● TASK STATEMENT:
Print only the lines below from the one with "2024 лето новый" to the one with "就业市场依然稳固,尽管今年夏", both included, exactly as they stand. Leave pictures out.

DATASET EXTRACT section start

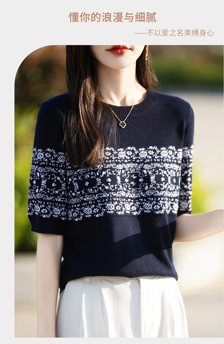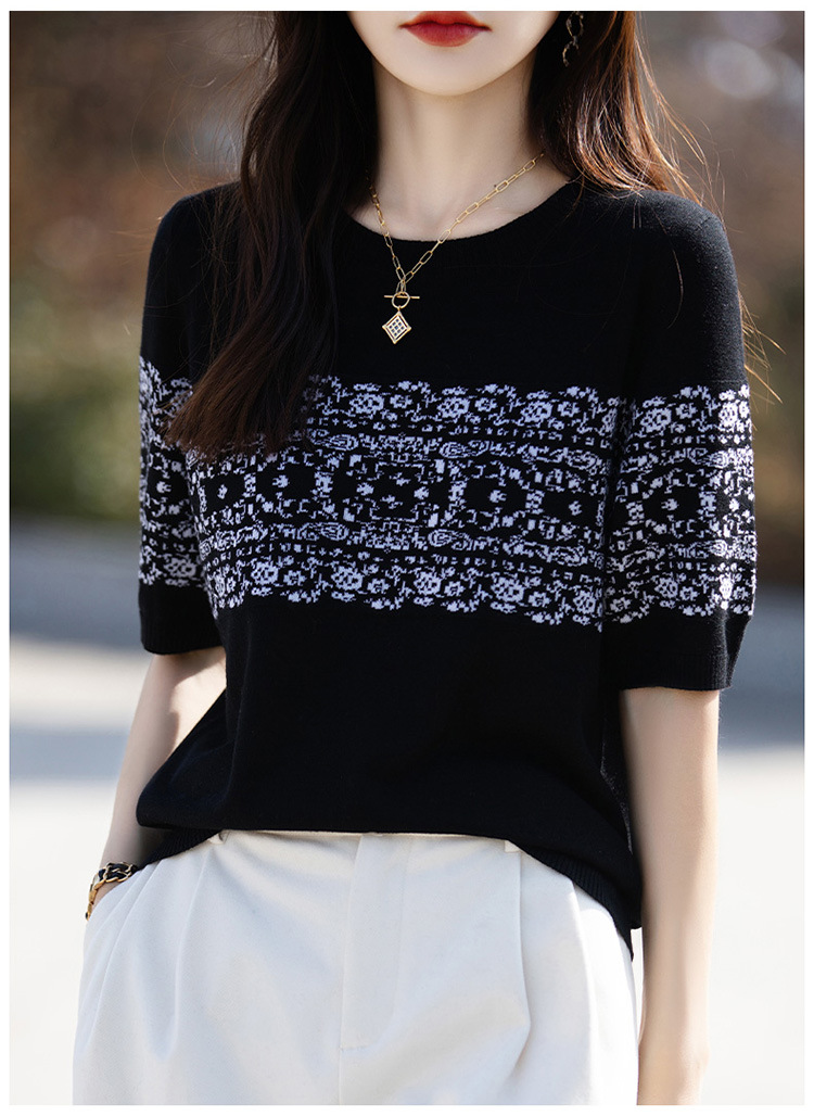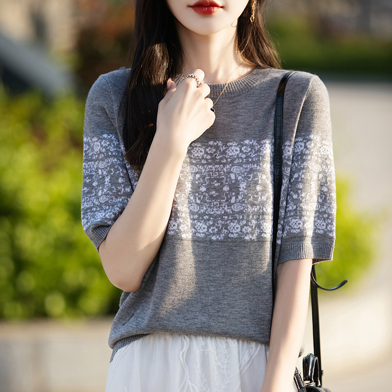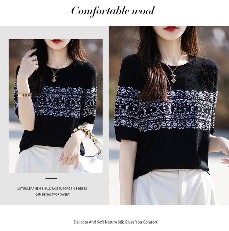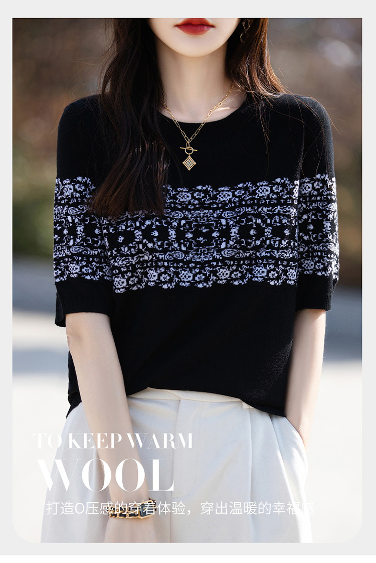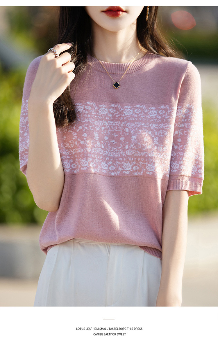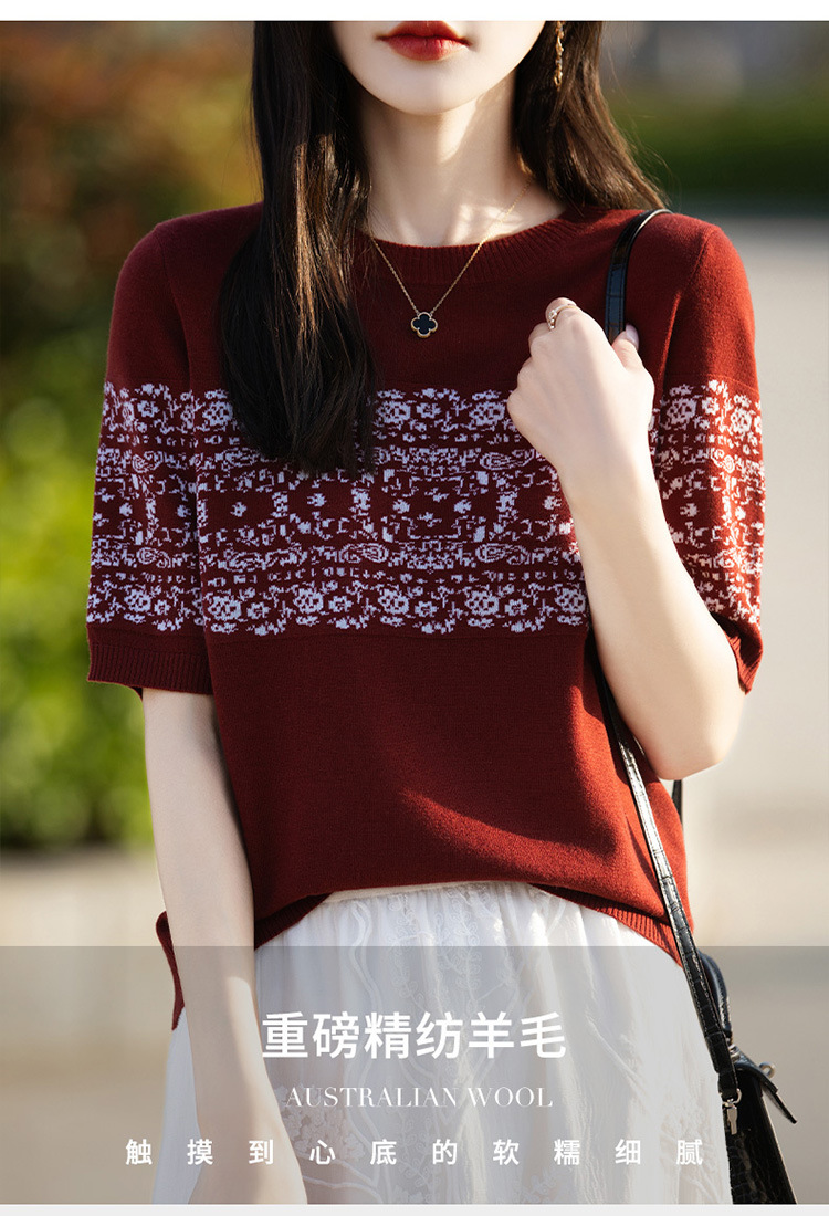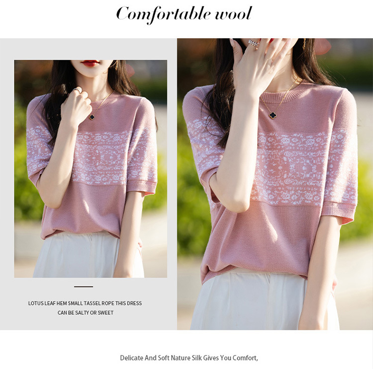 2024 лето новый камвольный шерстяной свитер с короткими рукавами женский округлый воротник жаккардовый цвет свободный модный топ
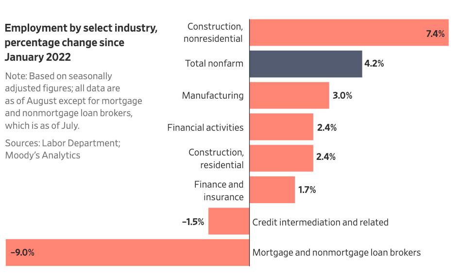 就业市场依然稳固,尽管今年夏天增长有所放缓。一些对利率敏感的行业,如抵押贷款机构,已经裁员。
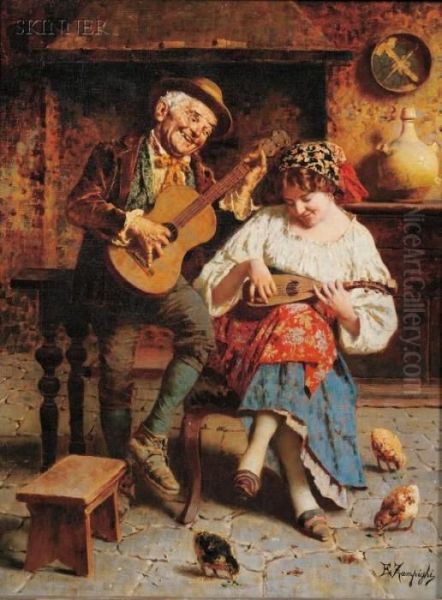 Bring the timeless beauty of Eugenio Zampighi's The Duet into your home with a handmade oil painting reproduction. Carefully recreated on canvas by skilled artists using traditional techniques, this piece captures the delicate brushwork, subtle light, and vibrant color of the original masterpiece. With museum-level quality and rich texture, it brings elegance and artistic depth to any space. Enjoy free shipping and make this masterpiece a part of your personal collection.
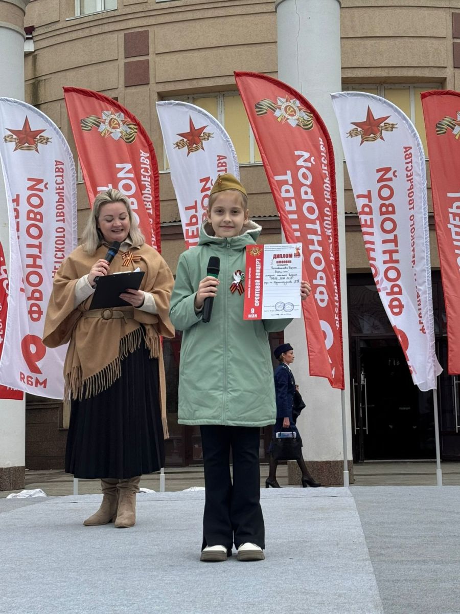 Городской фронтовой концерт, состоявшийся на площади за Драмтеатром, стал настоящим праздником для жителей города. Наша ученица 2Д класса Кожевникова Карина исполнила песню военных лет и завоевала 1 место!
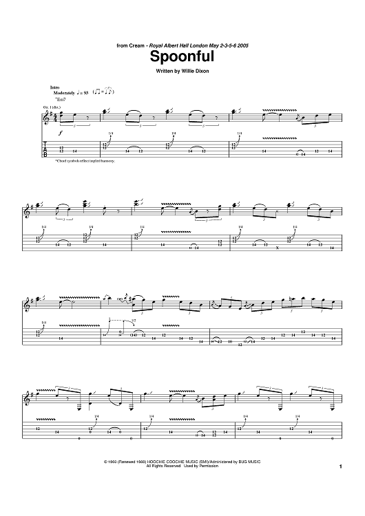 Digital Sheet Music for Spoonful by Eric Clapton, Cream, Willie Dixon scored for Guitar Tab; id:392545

DATASET EXTRACT section end
DATASET EXTRACT section start

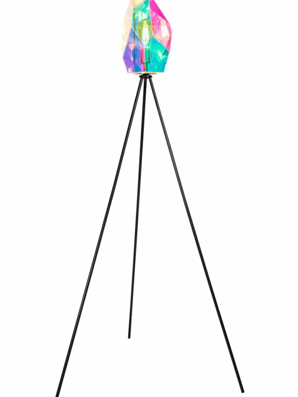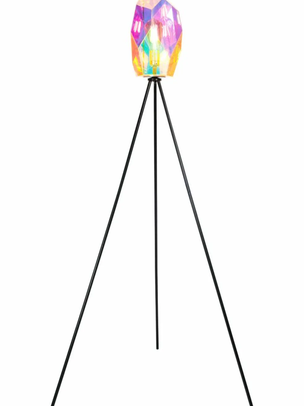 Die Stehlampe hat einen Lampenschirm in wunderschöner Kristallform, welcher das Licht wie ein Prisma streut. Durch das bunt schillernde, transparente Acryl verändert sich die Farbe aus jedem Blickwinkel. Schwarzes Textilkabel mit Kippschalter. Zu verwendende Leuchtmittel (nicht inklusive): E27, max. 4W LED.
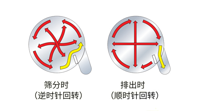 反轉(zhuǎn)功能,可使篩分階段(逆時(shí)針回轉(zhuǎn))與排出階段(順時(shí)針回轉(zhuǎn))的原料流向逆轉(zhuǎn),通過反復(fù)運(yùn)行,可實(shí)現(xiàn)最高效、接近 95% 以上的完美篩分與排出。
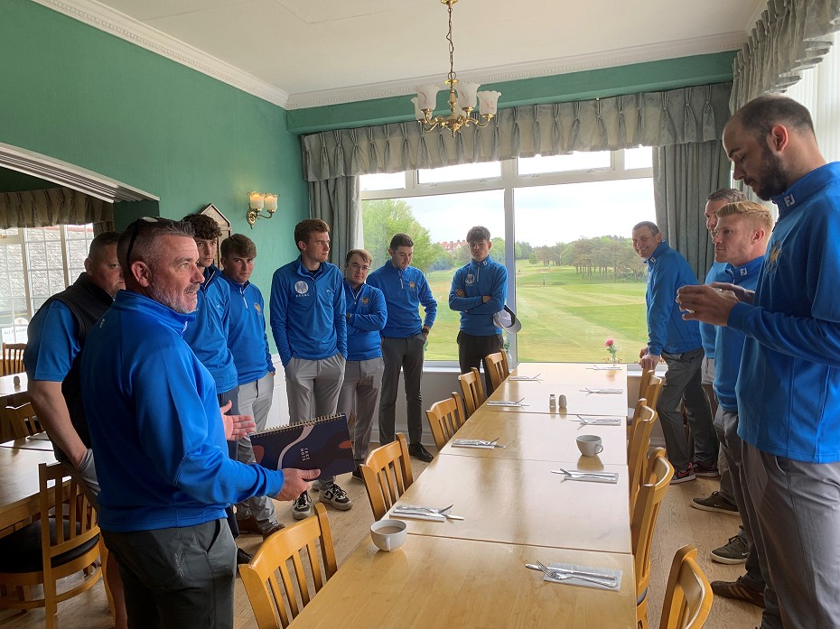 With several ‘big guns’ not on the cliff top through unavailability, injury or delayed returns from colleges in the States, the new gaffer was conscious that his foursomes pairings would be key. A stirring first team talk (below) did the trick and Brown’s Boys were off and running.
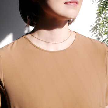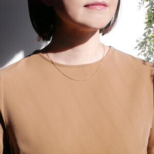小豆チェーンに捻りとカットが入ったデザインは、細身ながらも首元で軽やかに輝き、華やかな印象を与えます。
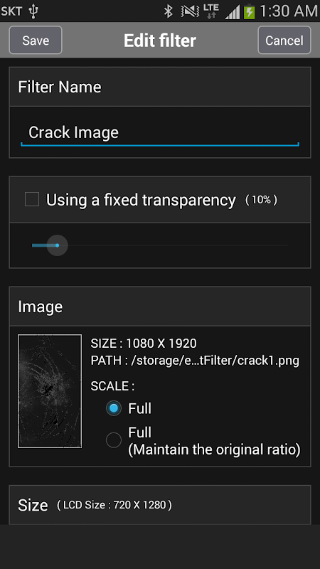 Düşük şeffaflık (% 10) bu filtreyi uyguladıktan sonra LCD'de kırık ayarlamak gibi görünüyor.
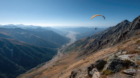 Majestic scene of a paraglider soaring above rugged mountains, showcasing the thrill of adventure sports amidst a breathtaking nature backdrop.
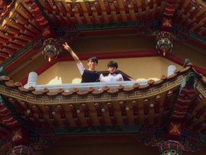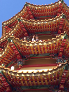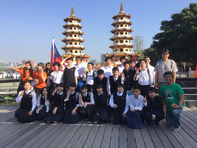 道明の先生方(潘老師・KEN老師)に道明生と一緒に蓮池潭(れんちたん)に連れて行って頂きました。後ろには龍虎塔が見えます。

DATASET EXTRACT section end
DATASET EXTRACT section start

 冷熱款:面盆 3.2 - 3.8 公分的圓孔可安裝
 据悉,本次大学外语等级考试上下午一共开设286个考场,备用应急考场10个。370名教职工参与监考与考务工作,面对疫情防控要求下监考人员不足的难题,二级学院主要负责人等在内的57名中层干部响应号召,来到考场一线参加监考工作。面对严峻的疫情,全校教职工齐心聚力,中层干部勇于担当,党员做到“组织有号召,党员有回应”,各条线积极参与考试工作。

DATASET EXTRACT section end

● PROBLEM SOLUTION:
 2024 лето новый камвольный шерстяной свитер с короткими рукавами женский округлый воротник жаккардовый цвет свободный модный топ
 就业市场依然稳固,尽管今年夏天增长有所放缓。一些对利率敏感的行业,如抵押贷款机构,已经裁员。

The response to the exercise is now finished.